Ghost Recon: Wildlands to kolejna produkcja, która chce wykorzystać modę na sandboks. Warto zauważyć, że gra nie jest utożsamiana tylko i wyłącznie z kooperacyjną zabawą. Developer chce nam zaoferować swobodę – możliwość działania na własny rachunek. Możemy wypełniać jakieś misje jako samotny wilk, a następnie wrócić do zespołu z nowymi doświadczeniami. Oczywiście czteroosobowy co-op jest ważny, ale nikt nie wciska go nam na siłę.
Gracz musi przeanalizować pewne fakty. Musi mieć pewność, że może odłączyć się od teamu w danym momencie. Rzecz jasna chodzi tu o odpowiednie zaplanowanie naszych działań. Wszak pozostaje jeszcze kwestia powrotu do drużyny przed atakiem AI. To taki przykład...
Zawsze otrzymujemy szansę prowadzenia eksploracji terenu. Aczkolwiek działania oponenta mogą nas zmusić do skorzystania z mechaniki kooperacyjnej. Poziom wyzwania nie zostanie przeskalowany – dopasowany do samotnej wędrówki.

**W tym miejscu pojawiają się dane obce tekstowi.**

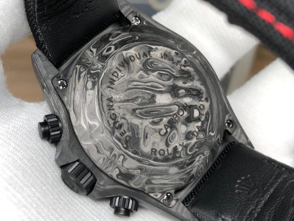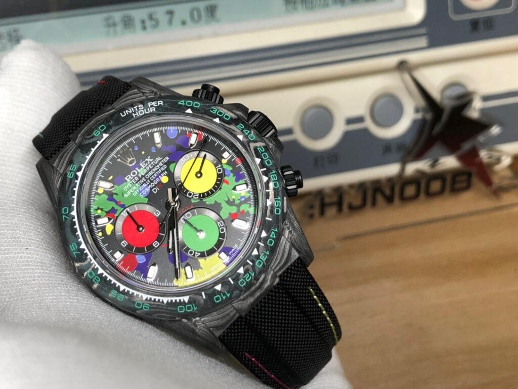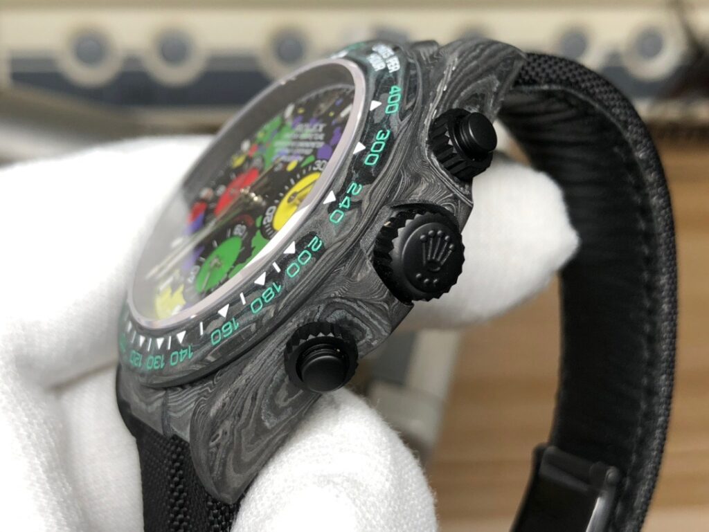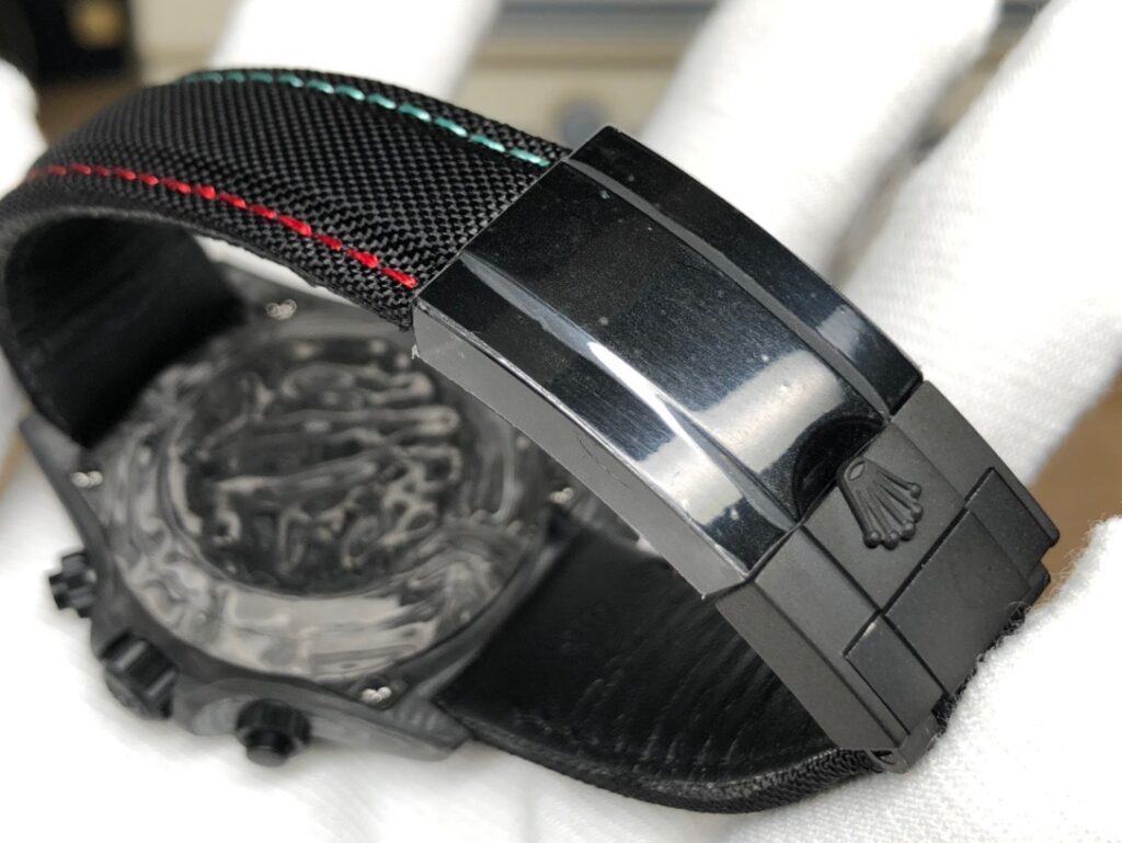 DiW primary goal is to enhance the sportiness of the Rolex Daytona and also focus on new and unique style. We finally determined to hand craft it using the high-end innovation of NTPT carbon fiber for the case, dial and bezel. The result is every DiW Daytona we made has its own unique carbon texture so they do not look the same! Using this material also make our carbon Daytona lightest in the world in less than 50g.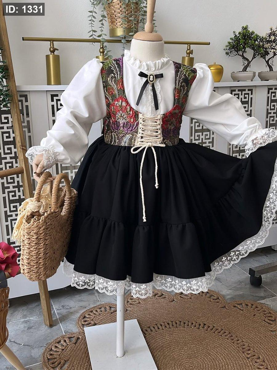 الخداع البصري - ذكاء التصميم يكمن في كونه "قطعة واحدة" لكنه يعطي انطباع الطقم الكامل (تنورة + قميص + صدرية)، مما يضمن بقاء الملابس مرتبة على الطفلة طوال الوقت.

Dodatkowo nasze indywidualne akcje mogą negatywnie wpływać na resztę zespołu - Eric Couzian (Creative Director) zwraca uwagę na kwestię znaczącego osłabienia drużyny. Trzech ludzi musi poradzić sobie z misjami, jakie przewidziano dla czterech postaci. Co więcej, w dziele studia Ubisoft Paris warto postawić na dobrą komunikację i taktyczne zachowanie. Każdy gracz powinien wypełniać jakąś rolę.